Dataset excerpts
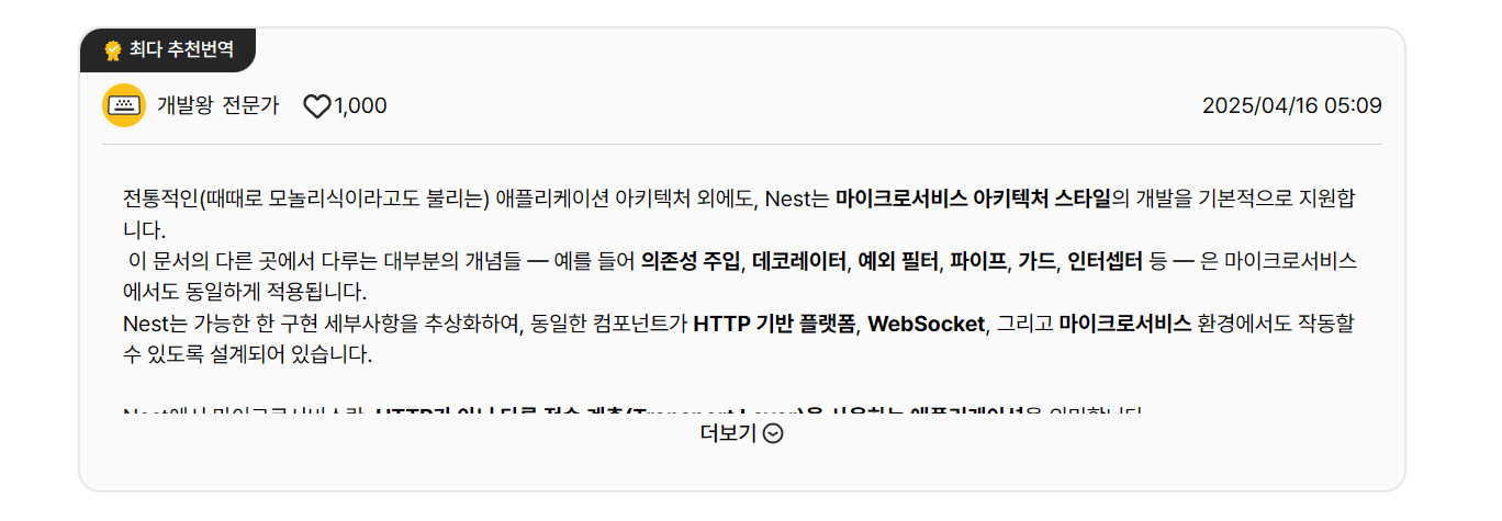 마감기한이 끝나면 최다 추천 번역 목록을 챌린지 상세 페이지에서 확인할 수 있습니다.
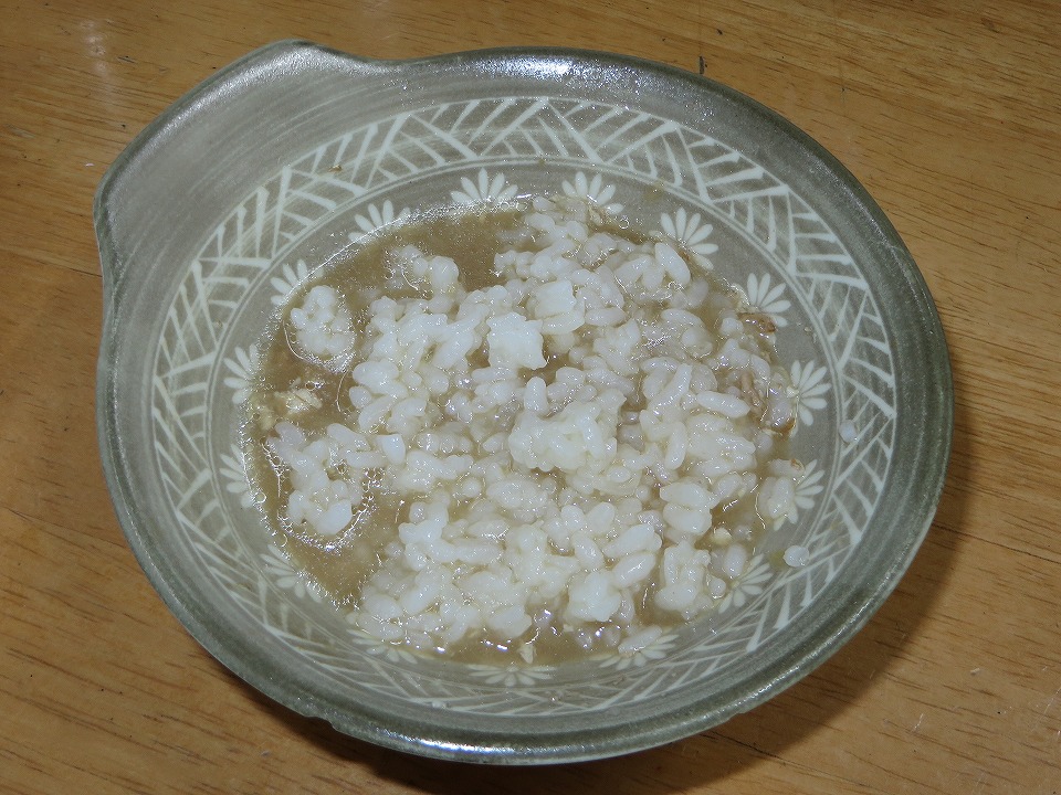 | 牛汁のスープがとても旨かったんで、コメを投入してしもた。 くゎっちーさびたん。 |
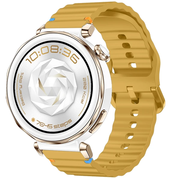 Huawei Watch GT5 Pro 42mm İle Uyumlu Dalga Desenli Tokalı Yumusaş Soft Silikon Kordon Sarı
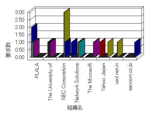 組織ユーザーにインターネット接続を提供する、商用または非営利団体、学術・行政機関などの、インターネット ドメイン で識別される団体や組織です。Microsoft Site Server Analysis は同じ組織に登録されたすべてのドメインを 1 つの組織としてグループ化します。ドメインがデータベースで使用できない場合は、1 つのインターネット ドメインが 1 つの組織を識別するのに使用されます。
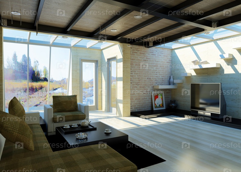 Современная гостиная с большими окнами
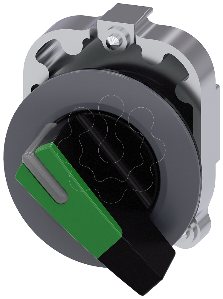 interruptor com manípulo, iluminável, 30 mm, redondo, metal, mate, verde, manípulo, comprimento, anel frontal para montagem plana, 2 posições de co...
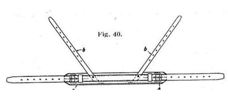 Das Vorderzeug ist mittelst der Tragriemen so anzupassen, dass das Brustblatt möglichst hoch über dem Buggelenken der Vorderbrust leicht anliegt. Das Einschnallen in der Weite hat so zu geschehen, dass beim Kürzerschnallen zum Bergauflaufen nicht infolge zu enger Normalschnallung ein Druck auf vorspringenden Teil der Luftröhre und somit Behinderung das Saumtieres in der Arbeit entsteht.
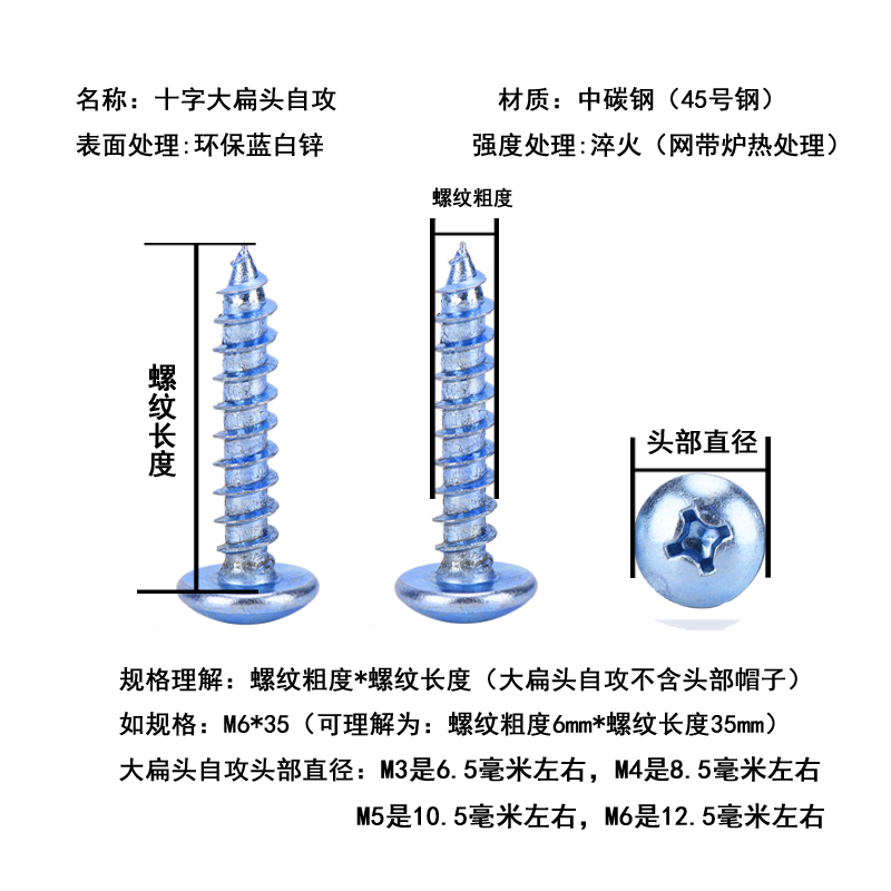 Plus hard plated blue zinc large flat head self-tapping screw high-strength cross wood tooth self tapping screw M4M5M6
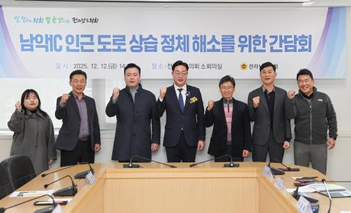 [뉴스노크=김인호 기자] 나광국 전남도의원(무안2·더불어민주당)이 12월 12일 도의회 소회의실에서 주최한 간담회를 통해 무안군 남악오룡신도시 주민의 숙원인 남악 IC 인근 교통체증의 구체적 해결 방안과 시기가 논의됐다.

Your task
For this task, give again exactly the lines from the line with "牛汁のスープがとても旨かったんで、コメを投入してしもた。 くゎっちーさびたん。 |" through the end of the entries, including both ends, and omit the pictures.

Task solution
 | 牛汁のスープがとても旨かったんで、コメを投入してしもた。 くゎっちーさびたん。 |
 Huawei Watch GT5 Pro 42mm İle Uyumlu Dalga Desenli Tokalı Yumusaş Soft Silikon Kordon Sarı
 組織ユーザーにインターネット接続を提供する、商用または非営利団体、学術・行政機関などの、インターネット ドメイン で識別される団体や組織です。Microsoft Site Server Analysis は同じ組織に登録されたすべてのドメインを 1 つの組織としてグループ化します。ドメインがデータベースで使用できない場合は、1 つのインターネット ドメインが 1 つの組織を識別するのに使用されます。
 Современная гостиная с большими окнами
 interruptor com manípulo, iluminável, 30 mm, redondo, metal, mate, verde, manípulo, comprimento, anel frontal para montagem plana, 2 posições de co...
 Das Vorderzeug ist mittelst der Tragriemen so anzupassen, dass das Brustblatt möglichst hoch über dem Buggelenken der Vorderbrust leicht anliegt. Das Einschnallen in der Weite hat so zu geschehen, dass beim Kürzerschnallen zum Bergauflaufen nicht infolge zu enger Normalschnallung ein Druck auf vorspringenden Teil der Luftröhre und somit Behinderung das Saumtieres in der Arbeit entsteht.
 Plus hard plated blue zinc large flat head self-tapping screw high-strength cross wood tooth self tapping screw M4M5M6
 [뉴스노크=김인호 기자] 나광국 전남도의원(무안2·더불어민주당)이 12월 12일 도의회 소회의실에서 주최한 간담회를 통해 무안군 남악오룡신도시 주민의 숙원인 남악 IC 인근 교통체증의 구체적 해결 방안과 시기가 논의됐다.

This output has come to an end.